Czy ten głos mówił prawdę? Jego tata nie był na niego zły? Jak mógłby być! Przecież był najlepszym ojcem na świecie! I dlatego jego strata tak bardzo bolała. Nie wiedział ile tak płakał, smarkając się po co chwilę, ponieważ gluty spływały mu strumieniami z nosa. Powrót do przeszłości był naprawdę trudny. Jednak... chyba nieco mu ulżyło. Prócz wujka, nikt inny nie słyszał tej historii. Tłumił w sobie te wszystkie uczucia... Dopiero teraz...
- Wybaczyłeś?
Pokiwał głową, uspokajając oddech.
- To teraz wróć do rzeczywistości.
Chwilę to trwało, ale w końcu otworzył oczy, które nadal były zasnute przez mgłę łez. Te zioła... Nie wiedział jak to możliwe... A jednak... Iskra miała jakąś wiedzę...

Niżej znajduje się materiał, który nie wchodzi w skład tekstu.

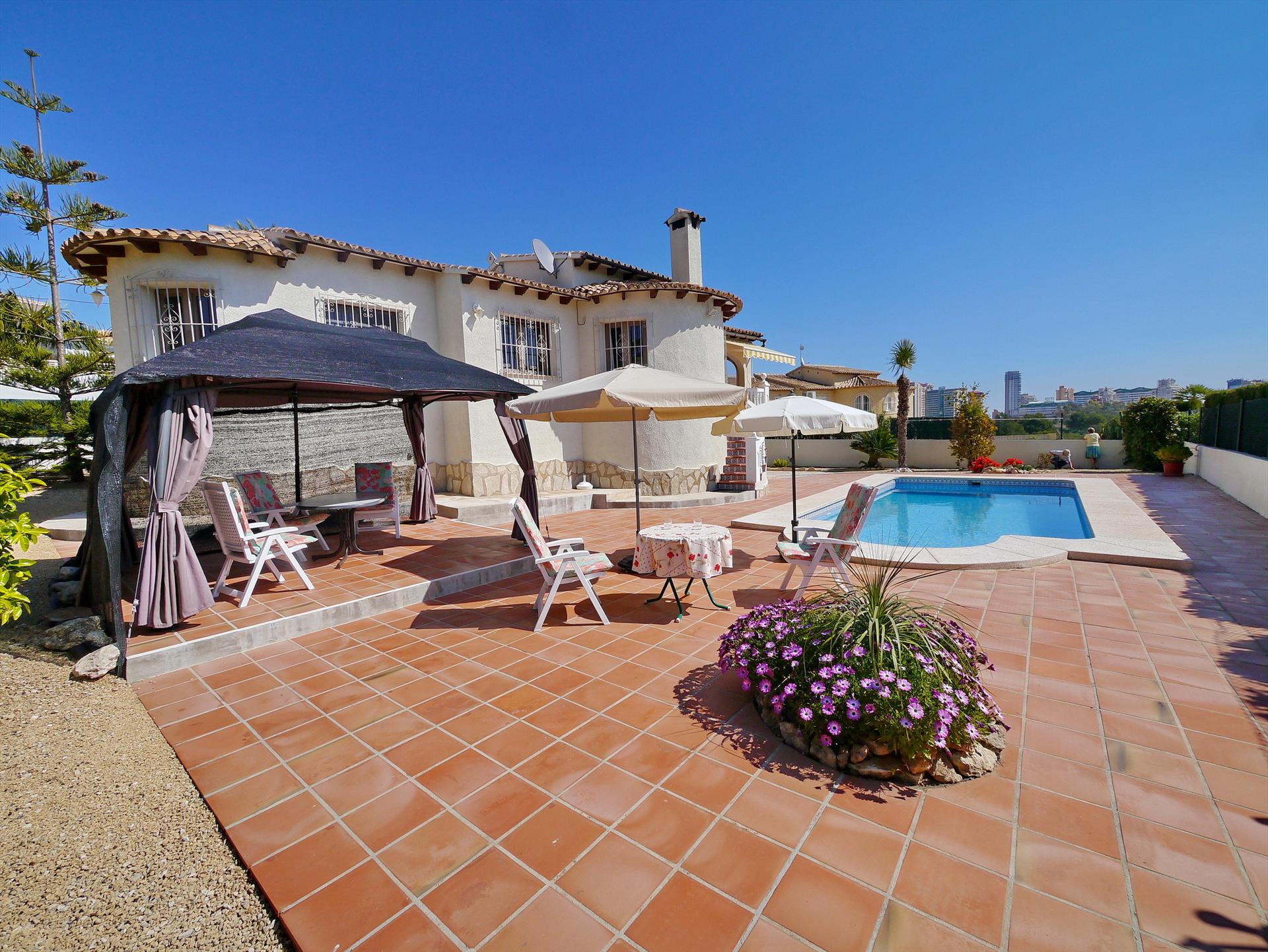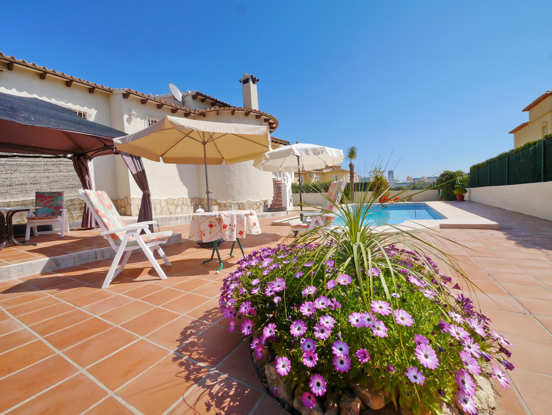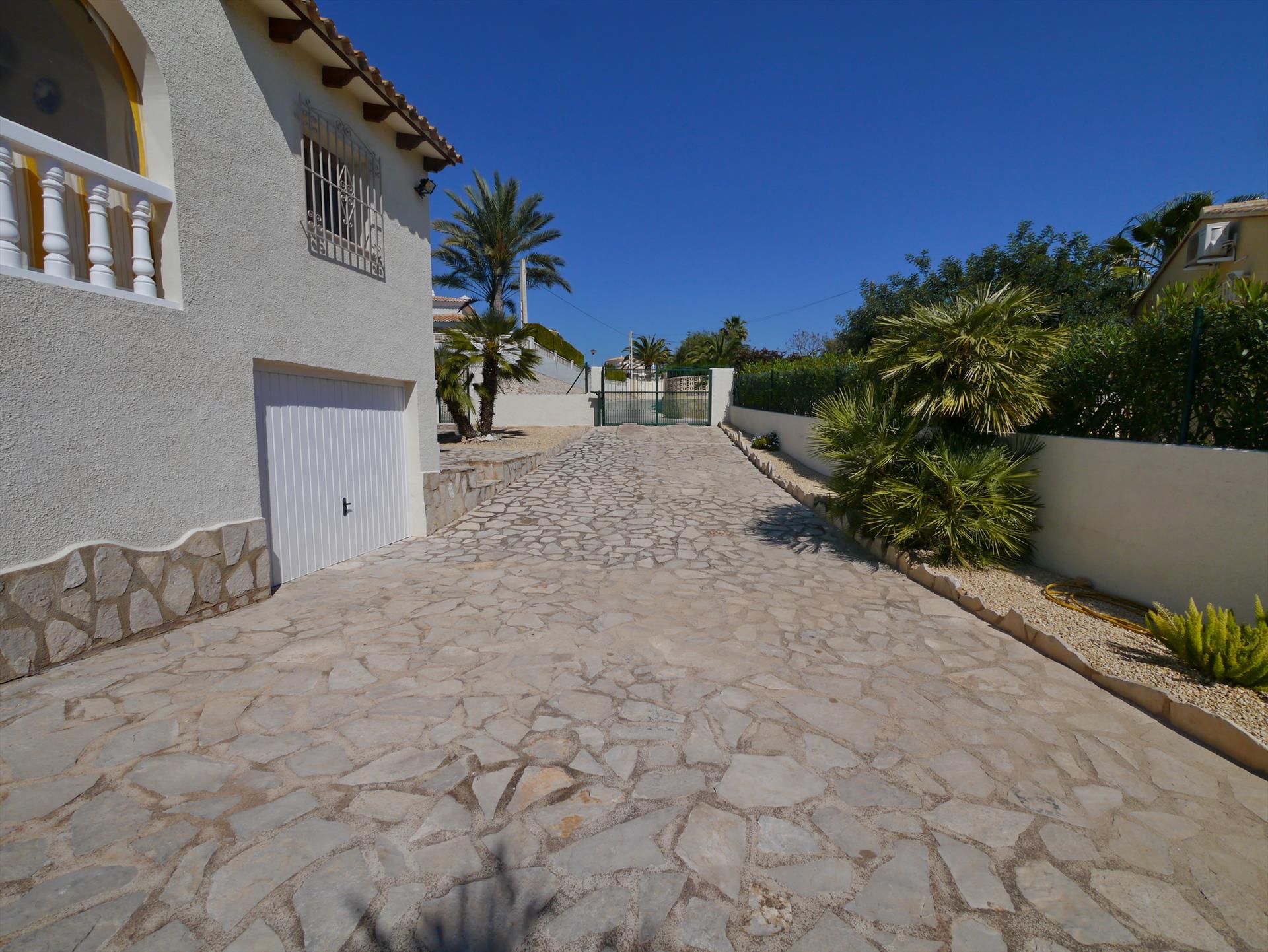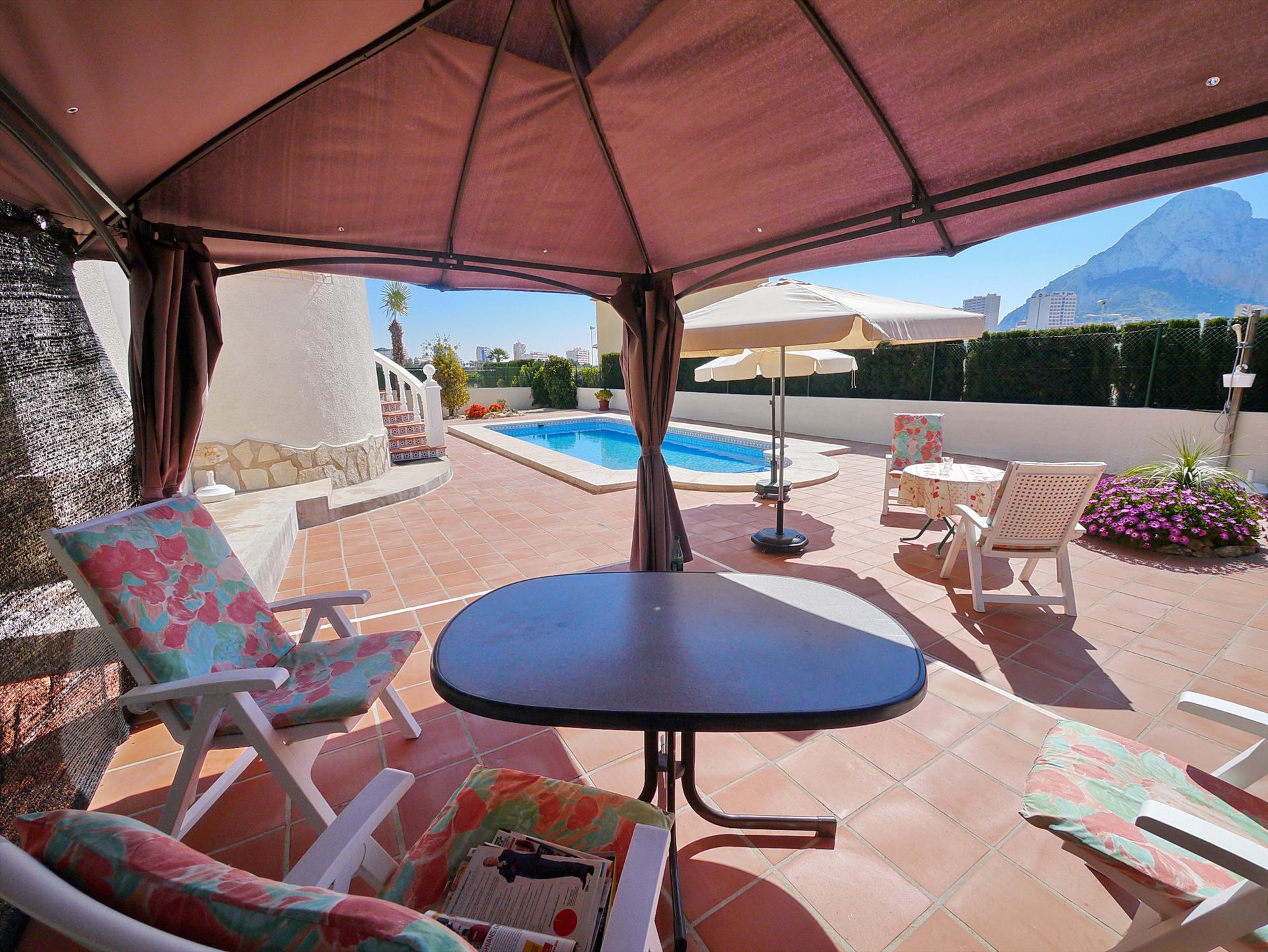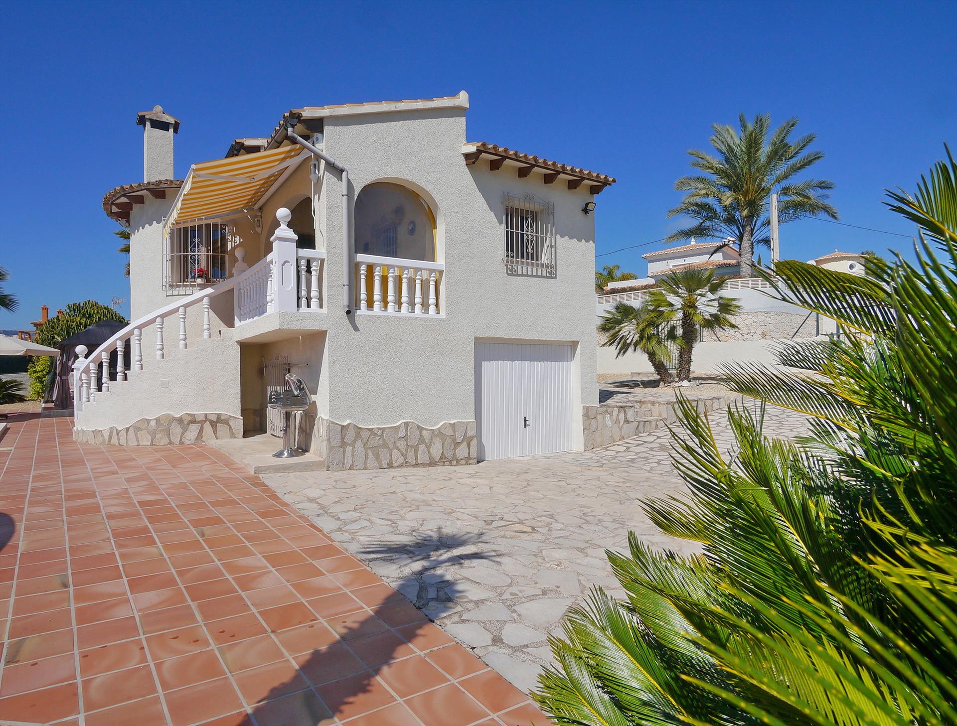 Stor og komfortabel villa i Calpe, Costa Blanca, Spania med privat svømmebasseng for 6 personer. Huset ligger i et boligområde nær stranden, tett på restauranter og barer, butikker, supermarkeder og en tennisbane, 1 km fra Arenal-Bol-stranden, 10 km fra Moraira, Benissa og 0,05 km fra Las Salinas.

- Dziękuję - miauknął tylko.
Takie przeżycie było bardzo edukujące. Mógł jeszcze raz przeżyć swoje życie, przypominając sobie o zapomnianych szczegółach. Teraz... musiał to przemyśleć. Nie był już kociakiem... Wiele rzeczy się wydarzyło, które na niego wpłynęły jeszcze bardziej. Mimo to... czuł, że uczynił wielki krok. Kiedyś bał się ciemności... Teraz? Teraz ten strach odszedł. Może i jego problem również z czasem minie?
Iskra jeszcze nieco mu doradziła, a potem ich drogi się rozeszły. Pewnie widzieli się po raz ostatni... Widział, że była sędziwa. Na pewno będzie ją miło wspominał w trudnych chwilach. Była obca, a mimo to... mimo to poświęciła swój czas, aby mu pomóc. Nigdy jej tego nie zapomni.